Did you take it apart totally and level the ground? By the way mine is raised. 
Or did you just take up the track and buildings and leave the landscape which includes 3 waterfalls and a pond.

I am trying to decide if I should leave it and see what happens if it effects the sale or go ahead and clear the land with a front loader and put in grass.

Looking for averages here. Do I or Don't I. What's the chances of another person falling in love with the railroad.

Terry Jackson
Grove, Ok.


----------



## Randy Stone (Jan 2, 2008)

Most likey they didn't share your interest in the trains or they would have said so. 

I think the best bet is to remove the layout and level the yard. 

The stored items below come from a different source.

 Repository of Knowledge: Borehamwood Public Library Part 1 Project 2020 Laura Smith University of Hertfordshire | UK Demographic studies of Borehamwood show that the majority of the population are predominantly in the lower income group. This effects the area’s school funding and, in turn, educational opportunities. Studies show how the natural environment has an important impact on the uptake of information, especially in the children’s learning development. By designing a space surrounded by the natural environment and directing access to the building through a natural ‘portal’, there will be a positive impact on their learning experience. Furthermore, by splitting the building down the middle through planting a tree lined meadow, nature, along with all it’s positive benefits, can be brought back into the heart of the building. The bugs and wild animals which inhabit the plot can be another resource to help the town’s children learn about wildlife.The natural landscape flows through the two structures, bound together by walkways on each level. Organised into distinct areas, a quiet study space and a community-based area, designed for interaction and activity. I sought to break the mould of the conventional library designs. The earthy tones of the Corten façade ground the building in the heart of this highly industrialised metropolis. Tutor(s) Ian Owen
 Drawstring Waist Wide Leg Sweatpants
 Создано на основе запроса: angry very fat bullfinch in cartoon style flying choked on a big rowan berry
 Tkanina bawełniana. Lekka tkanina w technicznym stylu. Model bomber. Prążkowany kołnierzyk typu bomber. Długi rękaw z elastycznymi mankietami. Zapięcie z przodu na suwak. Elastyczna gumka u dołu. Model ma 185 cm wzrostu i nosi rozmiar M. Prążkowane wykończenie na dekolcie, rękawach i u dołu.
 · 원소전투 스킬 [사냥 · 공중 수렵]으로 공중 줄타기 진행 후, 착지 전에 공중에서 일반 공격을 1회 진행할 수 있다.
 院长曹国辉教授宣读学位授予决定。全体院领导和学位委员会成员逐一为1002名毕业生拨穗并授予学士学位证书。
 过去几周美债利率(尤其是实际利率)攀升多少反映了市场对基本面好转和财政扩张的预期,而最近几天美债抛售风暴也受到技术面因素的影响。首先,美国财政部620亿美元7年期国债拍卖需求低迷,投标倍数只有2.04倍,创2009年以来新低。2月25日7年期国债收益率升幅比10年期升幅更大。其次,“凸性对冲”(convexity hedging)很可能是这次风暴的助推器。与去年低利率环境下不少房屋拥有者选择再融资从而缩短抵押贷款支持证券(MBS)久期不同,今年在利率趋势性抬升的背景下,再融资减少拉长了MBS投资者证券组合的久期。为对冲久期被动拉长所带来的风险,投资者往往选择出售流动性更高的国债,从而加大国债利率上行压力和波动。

Leave it to the new owners to landscape the yard as they see fit.


----------



## Fred Mills (Nov 24, 2008)

By all means rip up the layout, and take the track, buildings and rolling stock with you. Build a new pike at your new place, avoiding any mistakes you made on the first pike. Stay in the hobby and have fun. If your new place is too small; try finding someone in your new area, that has a pike, and donate the track to them, and pool your equipment for operating on their layout....Model Railroading is a lifetime hobby....it grows with you, if you allow it to. If you build a layout, never plan to "Finish" it....let it grow.....work more operations into it, so you can avoid boredom.....DON"T build a layout for your grandchildren....build it for yourself, and share it with them, IF they have an interest. A GREAT HOBBY, like Model Railroading, can keep you healthy, mentally, and physicly.....you can also meet new friends through it too. 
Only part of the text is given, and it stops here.